▶ **GOAL OF THE EXERCISE**
Every line of the entries below from the one containing "Nautical charm meets" to the one containing "las 5:00 pm.", both ends included, must be written out exactly. No other line belongs in the answer.

▶ **STUDY MATERIAL**
--*--
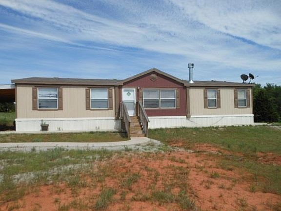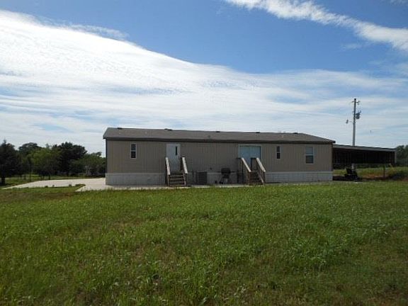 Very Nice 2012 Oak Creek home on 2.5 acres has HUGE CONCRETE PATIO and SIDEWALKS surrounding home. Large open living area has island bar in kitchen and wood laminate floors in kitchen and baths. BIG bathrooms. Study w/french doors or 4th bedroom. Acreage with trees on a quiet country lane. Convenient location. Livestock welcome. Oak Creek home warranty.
--*--
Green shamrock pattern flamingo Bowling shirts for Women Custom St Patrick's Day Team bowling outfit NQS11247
--*--
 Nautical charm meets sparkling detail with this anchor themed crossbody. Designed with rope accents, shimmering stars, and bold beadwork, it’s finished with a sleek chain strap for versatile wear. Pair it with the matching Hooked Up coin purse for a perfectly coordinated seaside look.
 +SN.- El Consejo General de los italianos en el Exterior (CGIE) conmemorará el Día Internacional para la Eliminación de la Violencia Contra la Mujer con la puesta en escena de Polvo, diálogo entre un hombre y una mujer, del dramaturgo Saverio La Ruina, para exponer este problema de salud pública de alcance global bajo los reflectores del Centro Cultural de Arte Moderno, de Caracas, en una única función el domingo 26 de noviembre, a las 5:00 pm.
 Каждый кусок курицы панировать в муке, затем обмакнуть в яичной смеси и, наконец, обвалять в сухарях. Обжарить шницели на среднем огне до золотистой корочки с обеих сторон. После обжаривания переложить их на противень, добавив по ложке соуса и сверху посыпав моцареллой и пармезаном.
--*--
▶ **RESPONSE BOX**
 Nautical charm meets sparkling detail with this anchor themed crossbody. Designed with rope accents, shimmering stars, and bold beadwork, it’s finished with a sleek chain strap for versatile wear. Pair it with the matching Hooked Up coin purse for a perfectly coordinated seaside look.
 +SN.- El Consejo General de los italianos en el Exterior (CGIE) conmemorará el Día Internacional para la Eliminación de la Violencia Contra la Mujer con la puesta en escena de Polvo, diálogo entre un hombre y una mujer, del dramaturgo Saverio La Ruina, para exponer este problema de salud pública de alcance global bajo los reflectores del Centro Cultural de Arte Moderno, de Caracas, en una única función el domingo 26 de noviembre, a las 5:00 pm.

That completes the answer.